§ **Your instructions**: Any picture must be dropped, but each line of the data should be duplicated exactly.
Supplied material section start
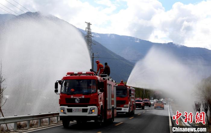 林芝市森林消防支隊(duì)消防員正在進(jìn)行灑水增濕作業(yè)。西繞拉翁 攝
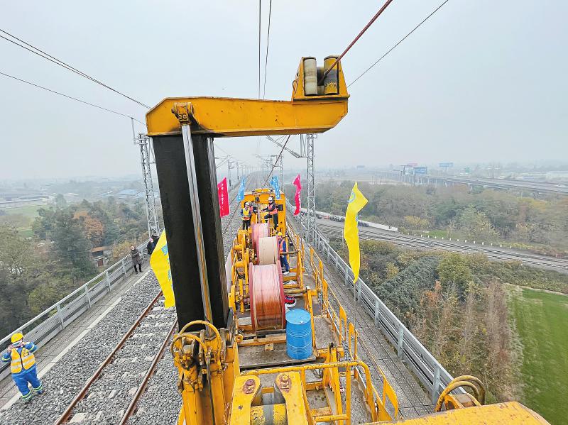 1月8日,成蘭鐵路成川段首條接觸線成功架設(shè)。
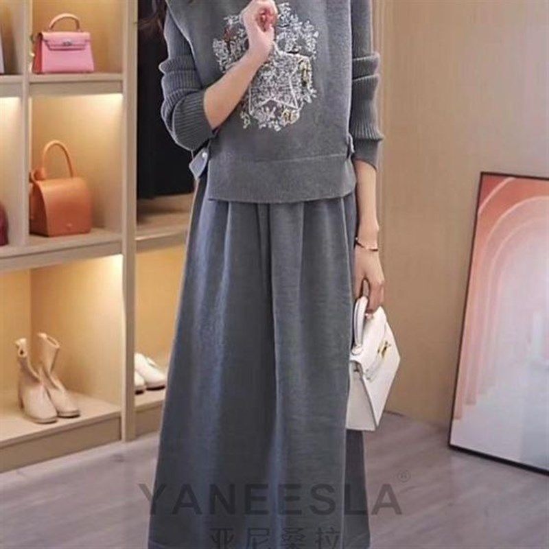 2024秋冬季新款刺绣马甲两件套连衣裙女时尚休闲打底毛衣套装裙女
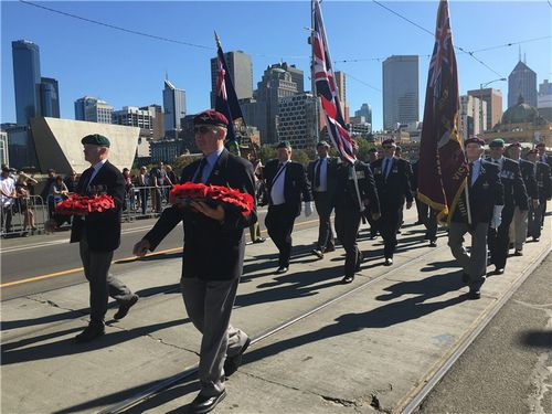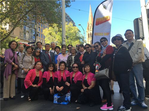 这一天,澳大利亚的每个城市都会有大大小小的游行活动,墨尔本也不例外。4月25日上午9点,墨尔本Anzac游行队伍从Flinders街和Swanston街交叉口开始,沿着St Kilda路一直走到皇家植物园附近的 The Shrine of Remembrance 战争纪念馆,游行队伍的成员有参加过战争的老兵,以及老兵的子女和后代,而在今年的游行队伍当中,有一支由近30位中国大陆籍华人组成的游行队伍吸引了记者的注意,他们都是华人军人们的后代,这其中包括当年参与第二次世界大战的士兵家属,这也是墨尔本地区首次有中国大陆籍华人参与的澳新军团日游行。
Supplied material section end
§ **Solution**:
 林芝市森林消防支隊(duì)消防員正在進(jìn)行灑水增濕作業(yè)。西繞拉翁 攝
 1月8日,成蘭鐵路成川段首條接觸線成功架設(shè)。
 2024秋冬季新款刺绣马甲两件套连衣裙女时尚休闲打底毛衣套装裙女
 这一天,澳大利亚的每个城市都会有大大小小的游行活动,墨尔本也不例外。4月25日上午9点,墨尔本Anzac游行队伍从Flinders街和Swanston街交叉口开始,沿着St Kilda路一直走到皇家植物园附近的 The Shrine of Remembrance 战争纪念馆,游行队伍的成员有参加过战争的老兵,以及老兵的子女和后代,而在今年的游行队伍当中,有一支由近30位中国大陆籍华人组成的游行队伍吸引了记者的注意,他们都是华人军人们的后代,这其中包括当年参与第二次世界大战的士兵家属,这也是墨尔本地区首次有中国大陆籍华人参与的澳新军团日游行。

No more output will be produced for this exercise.